== Task directions ==
Reproduce the listing exactly, with no pictures in your copy.

'''

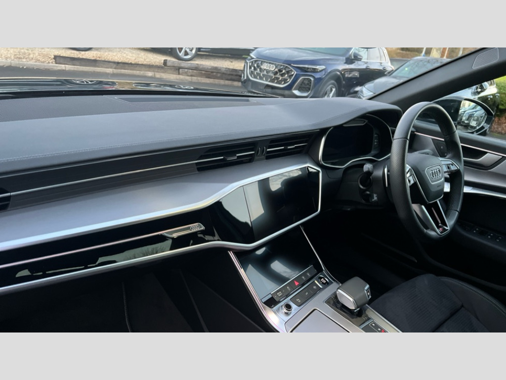 Audi A6 40 TFSI S Line 4dr S Tronic Audi connect safety and service (e-call), Audi connect with Amazon Alexa Integration, Audi drive select, Audi parking system plus - acoustic and visual park assist system for front and rear, Audi virtual cockpit, Automatic start/stop system with coasting functionality, Bluetooth interface, Camera based traffic sign recognition, Electric boot lid release, Lane departure warning system, MMI navigation plus with 10.1" and 8.6" touch screens, Progressive steering, Rear view camera, Service interval indicator, Smartphone interface includes wireless Apple carplay/Android Auto, Voice control system, Sports suspension, Audi front music interface, Audi sound system, Auxiliary input socket, DAB Digital radio, USB connection, Body coloured door mirrors, Electric front/rear windows, Electrically adjustable heated and folding + automatically dimming exterior mirrors with memory function, Frameless auto dimming interior rear view mirror, Front intermittent wipers, Heat insulating darkened glass in side and rear windows, Heat insulating glass in windshield, LED rear lights with dynamic indicators, LED signature front daytime running light, LED third brake light, Matrix LED headlights, Matt black rear diffuser with diffuser strip and tailpipes in chrome, Matt black side air intake grille with inlay in matt aluminium, Privacy glass, Radiator grille in anthracite black matt, single frame in chrome and horizontal struts in matt aluminium silver, Rain and light sensors, Rear boot, Rear side wing doors, 2 zone deluxe electronic climate control, 3 spoke high multi-function perforated leather steering wheel with contrast stitching and shift paddles, 40/20/40 split folding 3 rear seat bench in 3 parts with rear centre armrest, Audi phone box light, Black cloth headlining, Electrically adjustable front seats including seat height, fore/aft position, backrest angle and 4-way lumbar with memory for driver's seat, Front and rear floor mats, Front centre armrest, Front head restraints, Heated front seats, Height/reach adjust steering wheel, Illuminated door sill trims with S logo, Illuminated sun visors with vanity mirrors, Leather gear knob, Rear headrests, Single front passenger seat, Stainless steel pedals and foot rest, Tool kit and car jack, LED Interior Ambient Lighting Pack - A6, Non smoking pack - A6, S line exterior style pack - A6, 3 point seatbelts on all seats, Airbags - Front side, front and rear including head, Audi pre-sense front, EBD - Electronic brakeforce distribution, Electromechanical parking brake, Electronic Stability Control (ESC) including ABS, ASR and EDL, Extended pedestrian protection measures, ISOFIX child seat mounting for front passenger seat and ISOFIX child seat mounting with Top Tether for outer rear seats, Manual child proof rear door locks, Seatbelt monitoring, Tyre pressure warning light, Warning triangle and first aid kit, Anti theft alarm with tow away protection, Anti-theft wheel bolts and wheel loosening detection, Immobiliser, Keyless Go, Remote central locking, Matt brushed aluminium inlays
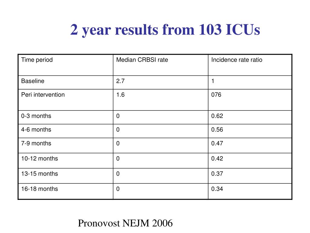 2 year results from 103 ICUs Pronovost NEJM 2006
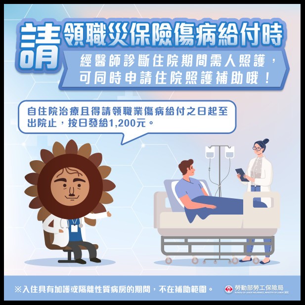 According to Article 42 of the Labor Occupational Accident Insurance and Protection Act, the insured person is hospitalized due to occupational injury or sickness, and is diagnosed by their doctor where the insured person was treated that the insured person needs personal care while being hospitalized, they may also apply Care Subsidy when claiming Occupational Accident Insurance.
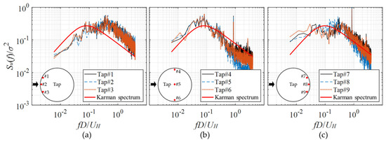 Figure 11a shows the pressure spectra in the windward area, which has relatively higher energy in the high-frequency range compared with the Karman spectrum, with peaks appearing around the normalized frequency of 0.3–0.4. This was attributed to the influence of the vortices caused by the separation, as explained in the pressure coefficient section. Figure 11b shows the pressure spectra in the dome center area, with a peak appearing around the normalized frequency of 0.08, similar to the Karman spectrum, and rapidly decreasing energy in the high-frequency range. Figure 11c shows the pressure spectra in the leeward area, with increased energy in the high-frequency range compared with that shown in Figure 11b, and an additional peak appearing around the normalized frequency of 0.2. This peak was attributed to the turbulence generated by the wake [10,19]. As shown in Figure 11, the shapes and amplitudes of the pressure spectra were similar at different tap locations in the spanwise direction.
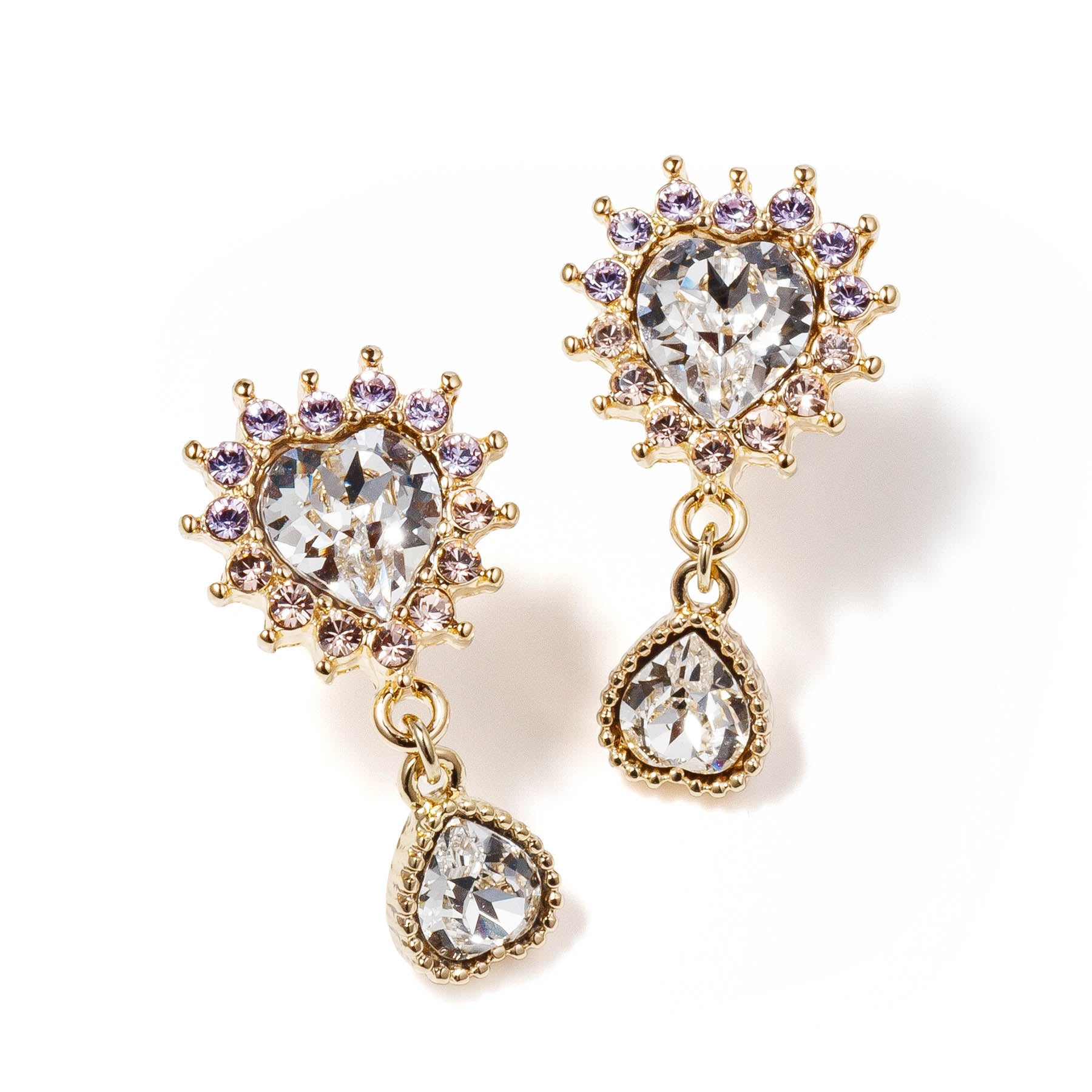 設計主題是“日出”,一輪太陽從平靜的海面緩緩升起。圍繞著中央的水晶心形,上半部為紫羅蘭色,下半部為淺桃色,展現了黎明時分天海交融的美妙漸變。下方搖曳的心型靈感源自水面反射的光芒。每當它輕柔地在你眼前搖曳,都帶來清新愉悅的感受,如同開啟嶄新的一天。

'''

== Exercise result ==
 Audi A6 40 TFSI S Line 4dr S Tronic Audi connect safety and service (e-call), Audi connect with Amazon Alexa Integration, Audi drive select, Audi parking system plus - acoustic and visual park assist system for front and rear, Audi virtual cockpit, Automatic start/stop system with coasting functionality, Bluetooth interface, Camera based traffic sign recognition, Electric boot lid release, Lane departure warning system, MMI navigation plus with 10.1" and 8.6" touch screens, Progressive steering, Rear view camera, Service interval indicator, Smartphone interface includes wireless Apple carplay/Android Auto, Voice control system, Sports suspension, Audi front music interface, Audi sound system, Auxiliary input socket, DAB Digital radio, USB connection, Body coloured door mirrors, Electric front/rear windows, Electrically adjustable heated and folding + automatically dimming exterior mirrors with memory function, Frameless auto dimming interior rear view mirror, Front intermittent wipers, Heat insulating darkened glass in side and rear windows, Heat insulating glass in windshield, LED rear lights with dynamic indicators, LED signature front daytime running light, LED third brake light, Matrix LED headlights, Matt black rear diffuser with diffuser strip and tailpipes in chrome, Matt black side air intake grille with inlay in matt aluminium, Privacy glass, Radiator grille in anthracite black matt, single frame in chrome and horizontal struts in matt aluminium silver, Rain and light sensors, Rear boot, Rear side wing doors, 2 zone deluxe electronic climate control, 3 spoke high multi-function perforated leather steering wheel with contrast stitching and shift paddles, 40/20/40 split folding 3 rear seat bench in 3 parts with rear centre armrest, Audi phone box light, Black cloth headlining, Electrically adjustable front seats including seat height, fore/aft position, backrest angle and 4-way lumbar with memory for driver's seat, Front and rear floor mats, Front centre armrest, Front head restraints, Heated front seats, Height/reach adjust steering wheel, Illuminated door sill trims with S logo, Illuminated sun visors with vanity mirrors, Leather gear knob, Rear headrests, Single front passenger seat, Stainless steel pedals and foot rest, Tool kit and car jack, LED Interior Ambient Lighting Pack - A6, Non smoking pack - A6, S line exterior style pack - A6, 3 point seatbelts on all seats, Airbags - Front side, front and rear including head, Audi pre-sense front, EBD - Electronic brakeforce distribution, Electromechanical parking brake, Electronic Stability Control (ESC) including ABS, ASR and EDL, Extended pedestrian protection measures, ISOFIX child seat mounting for front passenger seat and ISOFIX child seat mounting with Top Tether for outer rear seats, Manual child proof rear door locks, Seatbelt monitoring, Tyre pressure warning light, Warning triangle and first aid kit, Anti theft alarm with tow away protection, Anti-theft wheel bolts and wheel loosening detection, Immobiliser, Keyless Go, Remote central locking, Matt brushed aluminium inlays
 2 year results from 103 ICUs Pronovost NEJM 2006
 According to Article 42 of the Labor Occupational Accident Insurance and Protection Act, the insured person is hospitalized due to occupational injury or sickness, and is diagnosed by their doctor where the insured person was treated that the insured person needs personal care while being hospitalized, they may also apply Care Subsidy when claiming Occupational Accident Insurance.
 Figure 11a shows the pressure spectra in the windward area, which has relatively higher energy in the high-frequency range compared with the Karman spectrum, with peaks appearing around the normalized frequency of 0.3–0.4. This was attributed to the influence of the vortices caused by the separation, as explained in the pressure coefficient section. Figure 11b shows the pressure spectra in the dome center area, with a peak appearing around the normalized frequency of 0.08, similar to the Karman spectrum, and rapidly decreasing energy in the high-frequency range. Figure 11c shows the pressure spectra in the leeward area, with increased energy in the high-frequency range compared with that shown in Figure 11b, and an additional peak appearing around the normalized frequency of 0.2. This peak was attributed to the turbulence generated by the wake [10,19]. As shown in Figure 11, the shapes and amplitudes of the pressure spectra were similar at different tap locations in the spanwise direction.
 設計主題是“日出”,一輪太陽從平靜的海面緩緩升起。圍繞著中央的水晶心形,上半部為紫羅蘭色,下半部為淺桃色,展現了黎明時分天海交融的美妙漸變。下方搖曳的心型靈感源自水面反射的光芒。每當它輕柔地在你眼前搖曳,都帶來清新愉悅的感受,如同開啟嶄新的一天。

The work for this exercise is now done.